Während viele Nachahmer der Mondseer Fleuronnéegruppe "FL 1" jeweils nur in einer oder zwei Handschriften tätig sind (dabei handelt es sich wohl überhaupt jeweils um den Schreiber), lässt sich unter ihnen zumindest eine Hand erkennen, die wiederum in einer ganzen Gruppe von Bänden greifbar wird und hier als "FL 3" bezeichnet wird. Es handelt sich bei diesem Florator um einen dilettierenden Nachahmer von "FL 1", der sich auf die flotte Wiedergabe der Grundformen seines Vorbildes verlegte und in den folgenden Codices der ÖNB in Wien eindeutig nachweisbar ist: Cod. 1477, Cod. 3601, Cod. 3613, Cod. 3657, Cod. 3672 und Cod. 3775. Des Weiteren ist nachgetragenes Ornament seiner Hand in drei bereits in den 1430er Jahren entstandenen Handschriften, Cod. 3733, Cod. 3746 (1434) und Cod. 3786 (1436) – die beiden letztgenannten Codices enthalten außerdem Fleuronnée vom Florator des zum Teil 1438 entstandenen Cod. 2842 –, sowie auch in Cod. 3788 (1406 datiert, siehe MeSch II 2002, Kat. 162, Abb. 457) zu finden, ebenso in Cod. 5115 und Cod. 5428 (zu diesen beiden Handschriften siehe MeSch V, S. 400 f.: Liste der nicht beschriebenen Handschriften). Schließlich begegnet man ihm in den drei nach 1450 entstandenen Cod. 1899, Cod. 3741 und Cod. 3825.
"FL 3" tritt erstmals in dem 1442 datierten Cod. 3775 (99r) und in Cod. 3613 (169r) von 1444 auf und lässt sich u. a. in Cod. 1477 (171v) – jener 1447 datierten Handschrift aus der von Frater Wilhelm Kogler geschriebenen, siebenbändigen Nicolaus-de-Lyra-Ausgabe, nachweisen, in welcher "FL 1" nur in einer einzigen Initiale erscheint. Sein Wirken erstreckt sich über die Jahrhundertmitte hinweg bis gegen Ende der 1450er Jahre (z. B. Cod. 3669, Cod. 3669*; bemerkenswert ist seine Präsenz in dem mit einer Titelminiatur und Deckfarbeninitialen aufwändig geschmückten Missale der Ulrichskapelle (Cod. 1899).

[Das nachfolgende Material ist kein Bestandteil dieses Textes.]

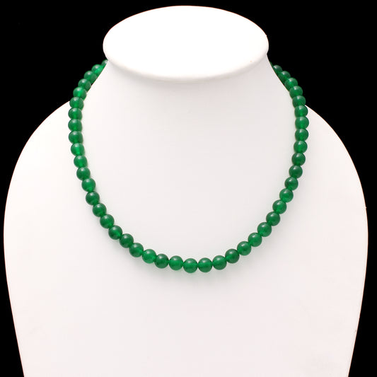 Green Onyx Beaded Smooth Round Gemstone Necklace

Charakteristisch für das Fleuronnée von "FL 3" sind mit brauner bzw. schwarzer Tinte in flottem Strich in die roten Lombarden eingetragenen Knospen bzw. Knospenräder (Cod. 1477, 171v; Cod. 3601, 78v; Cod. 3657, 1r; Cod. 3672, 30v). Häufig finden sich auch an S-förmige Teilungslinien angelehnte, einseitwendige Knospengarben (Cod. 3613, 142v, 169r). In Cod. 3657 begegnet auf 168v auch das aus der Fleuronnéegruppe "FL 1" bekannte (z. B. Cod. 3813, 175v) Motiv der gebündelten Parallelfäden auf, die an ihrem Ansatz von Perlenketten mit vergrößerter Anfangsperle gerahmt werden. Fast alle Knospen dieses Florators haben anstelle von Punktungen zwei Parallelstriche, z. T. in der Gegenfarbe. Die Zwischenräume sind meist schraffiert. Konturbegleitend erscheinen durch Leerräume voneinander abgesetzte, oft sehr stark vereinfachte Perlengruppen mit Fadenausläufern, von denen jeweils einer besondere Betonung erfährt (z. B. Cod. 3601, 78v; Cod. 3657, 1r). Nicht selten werden größere Partien, auch am äußeren Rand einer Initiale, einfach schwarz schraffiert; teilweise treten an Fadenausläufern schwarz-rote, dreieckige, kammartige Fadenfortsätze auf (Cod. 3613, 169r).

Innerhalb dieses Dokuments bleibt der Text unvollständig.